Alle Mitochondrien einer befruchteten Eizelle stammen von der Mutter. Daher stammen auch Krankheiten, die durch Mutationen in mitochondrialen Genen verursacht werden, von der Mutter.

Am meisten betroffen sind Gewebe mit großem Energie(ATP-)-Bedarf. So wird die Lebersche Optikusatrophie – eine fortschreitende, zu Blindheit führende Degeneration des Sehnervs, durch eine missense-Mutation im Gen der mtDNA für die NADH-CoQ-Reduktase (Teil des Atmungsketten-Komplex‘ I) hervorgerufen.

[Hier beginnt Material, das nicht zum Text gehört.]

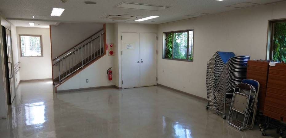 食事はグラウンド・公園ともにできません。トイレのある受付棟の2階に自販機やミーティングスペースがありますので、食べる時はそちらをご利用ください。

Treten in der mtDNA Mutationen auf, enthalten die Zellen eine Mischung aus „normaler“ und mutierter mtDNA (Heteroplasmie). Das gilt nur für Mutationen in den Keimbahn-Mitochondrien.


Kleine Ringe

Eine Extravaganz leistet sich die Menschenlaus, Pediculus humanus. Dies wurde im Zuge des „Human Body Louse Genome Project“ klar – ein von Craig Venter und seinen Mitarbeitern eingefädeltes Projekt zur Entschlüsselung der Sequenz des Laus-Erbguts. Zusammen mit einem Team um Stephen Barker und Renfu Shao an der University of Queensland, Australien, nahm sich Venters Team zunächst und sehr intensiv die humane Körperlaus vor und sequenzierte sie.

Mit Hilfe gelelektrophoretischer Muster und Southern-Hybridisierung konnten die Forscher zeigen, dass die Laus ihre 37 mitochondrialen Gene fein säuberlich auf 18 Minichromosomen verteilt hatte, statt sie – wie sonst bei Tieren üblich – auf einem einzigen DNA-Ring unterzubringen (online publiziert in Genome Research, 31. März 2009).

Jedes dieser wiederum zirkulären Laus-mt-Minichromosomen ist 3-4 kb lang und enthält ein bis drei Gene. Diese Mini-Ringe existieren bei vier weiteren Spezies blutsaugender Läuse – unter anderem humane Kopf- und Filzlaus sowie eine blutsaugende Spezies, die andere Primaten „anfällt“ – nicht jedoch bei den blutabstinent lebenden Haar- beziehungsweise Federlingen (Mallophaga) und den Staubläusen (Psocoptera), den nächsten Verwandten der hämatophagen Insekten.

Die Forscher vermuten, dass die Fragmentierung der mtDNA mit der Entwicklung des Laus-Speiseplans hin zur Blut-Hauptmahlzeit zusammenhängt. Die Vorteile eines solch fragmentierten DNA-Moleküls, sofern vorhanden, sind noch unklar.